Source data
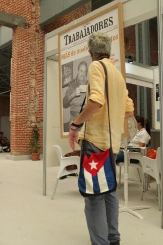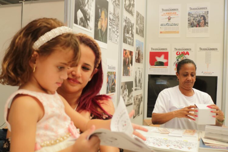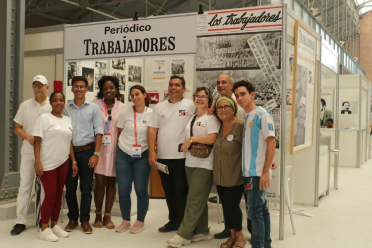 El stand del semanario exhibe libros, materiales promocionales, spots y propuestas gráficas que reflejan su compromiso con el periodismo cubano desde la mirada obrera y sindical.
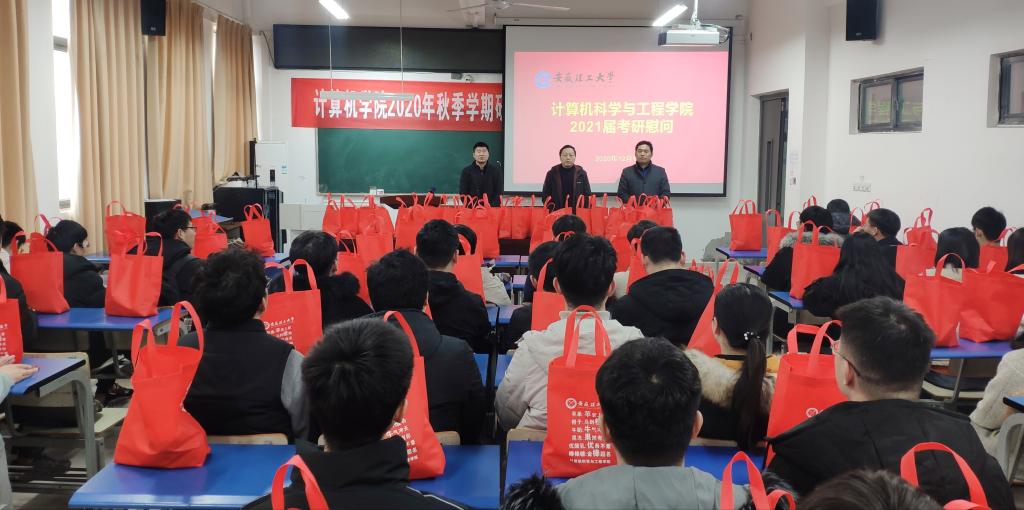 为了鼓励考研同学积极迎考,增强考研信心,舒缓备考压力。12月11日上午,计算机学院在求本楼B401报告厅开展考研学子慰问活动,送上冬日的温暖。学院党委书记王永祥、党委副书记兼行政副院长张旸、业务副院长葛斌、毕业班辅导员和2021届考研学生代表70余人参加了此次慰问活动。
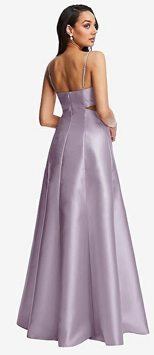 Open Neckline Cutout Satin Twill A-Line Gown with Pockets in lilac haze
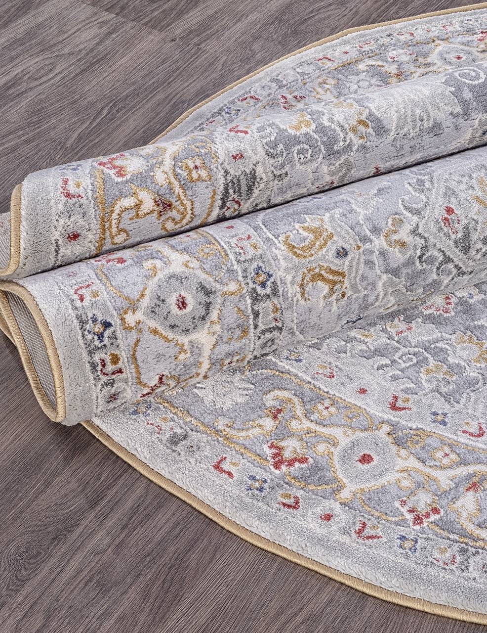 Рисунок в классическом стиле и оригинальной расцветке которая имитирует винтажную потертость. Такое ковровое украшения будет отлично смотреться в гостиной, зале или столовой.
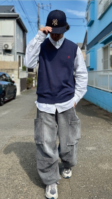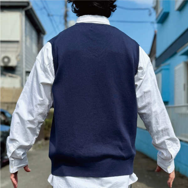 ニットベストに相性抜群な襟付きシャツはもちろん、カットソーやトレーナー、パーカーなどを合わせていただいても、様になる着こなしをお楽しみいただけます!
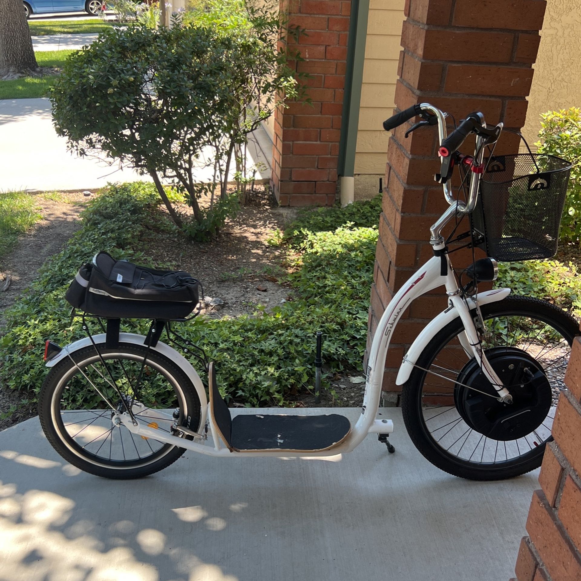 Schwinn Electric Scooter 26” front wheel This is 36 volts. Goes anywhere from 15 to 20 miles depending on your speed. Added a skateboard deck because it is much wider for your feet. Goes about 20 to 25 mph depending on your weight. $600
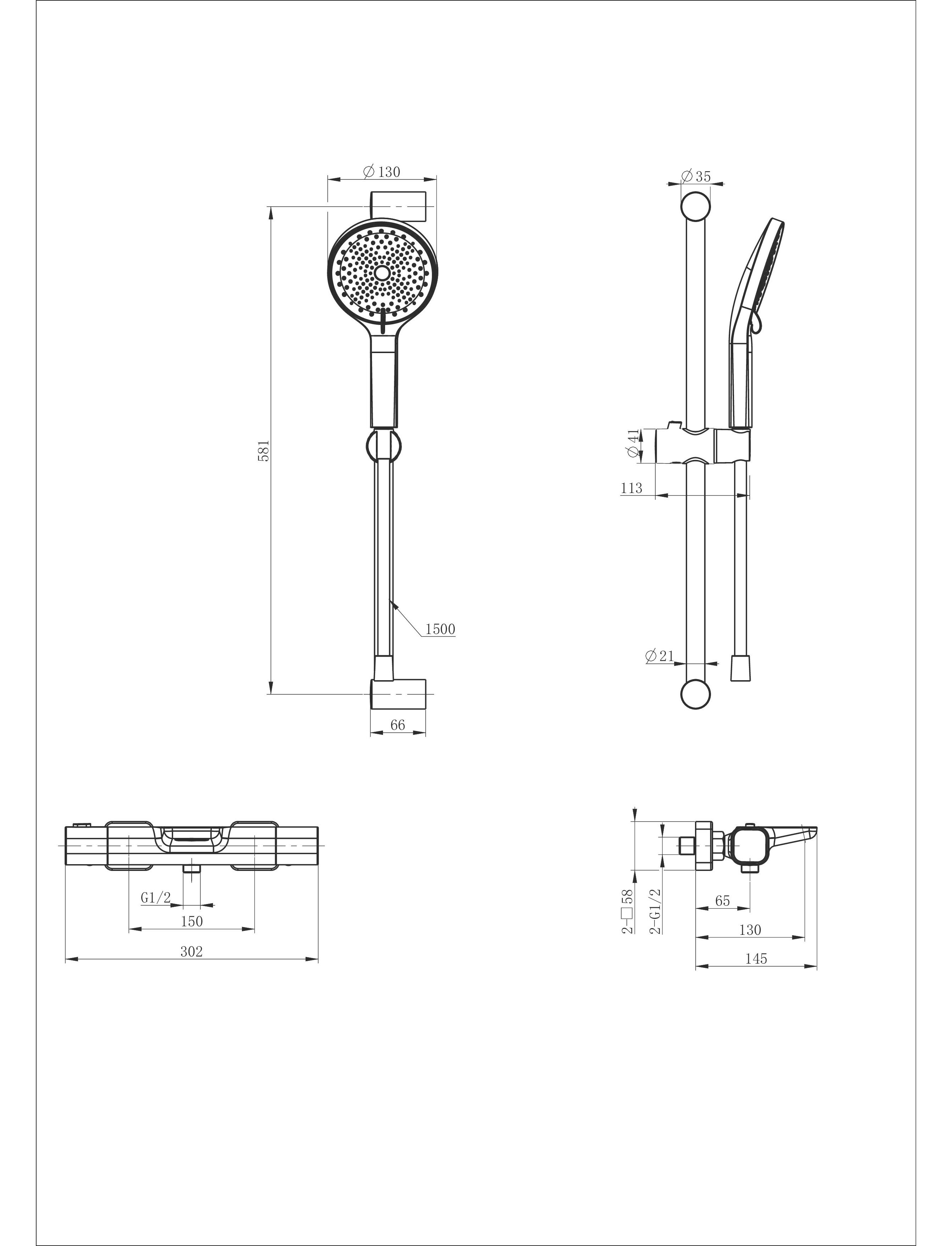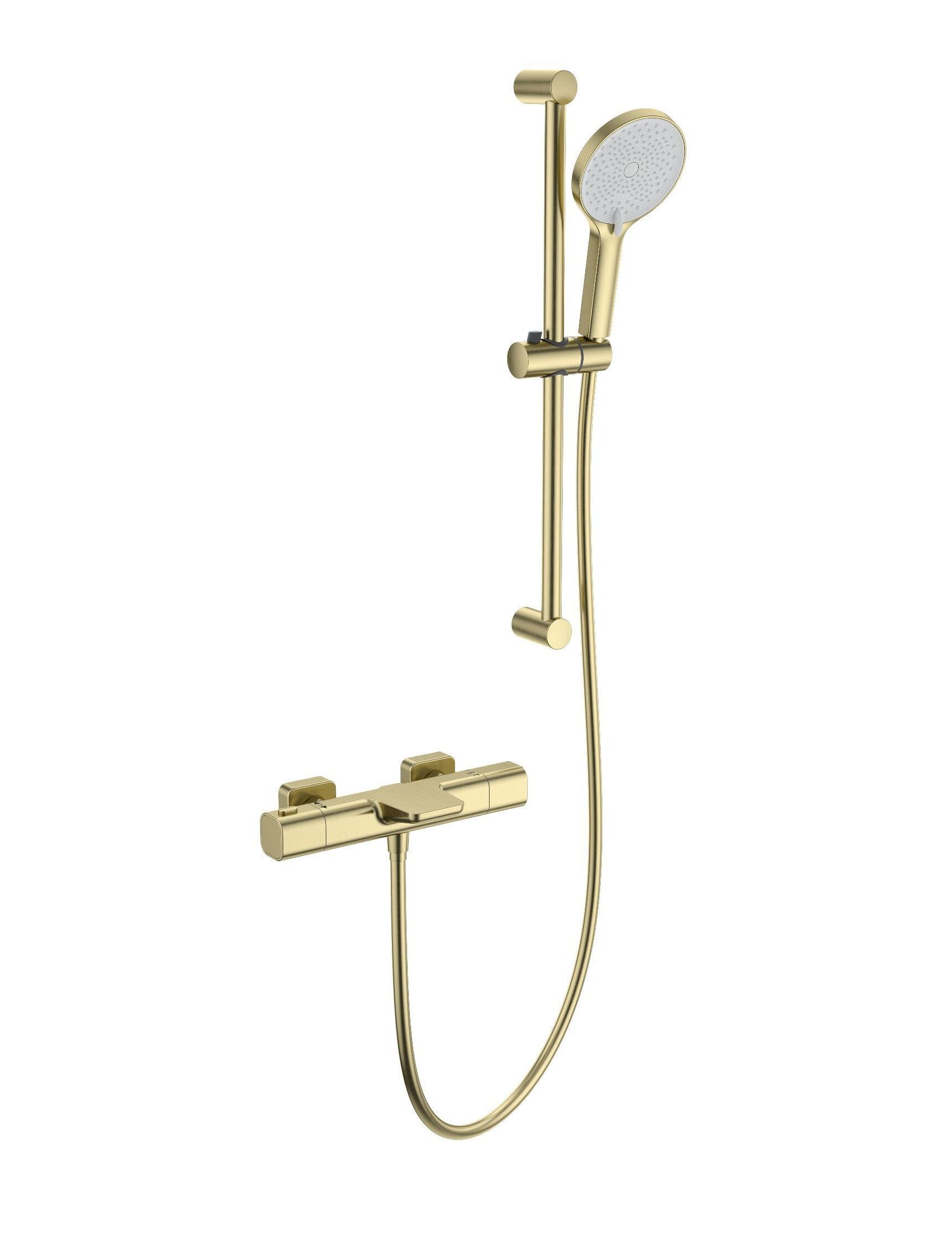 Смеситель для ванны с душевым гарнитуром и термостатом WONZON & WOGHAND Plate, Брашированное золото (WW-C2017-A-BG)

Exercise details: When you come to the line containing "Schwinn Electric Scooter" in the records above, repeat that line and all lines after it exactly, but not the pictures.

Solution for this task:
 Schwinn Electric Scooter 26” front wheel This is 36 volts. Goes anywhere from 15 to 20 miles depending on your speed. Added a skateboard deck because it is much wider for your feet. Goes about 20 to 25 mph depending on your weight. $600
 Смеситель для ванны с душевым гарнитуром и термостатом WONZON & WOGHAND Plate, Брашированное золото (WW-C2017-A-BG)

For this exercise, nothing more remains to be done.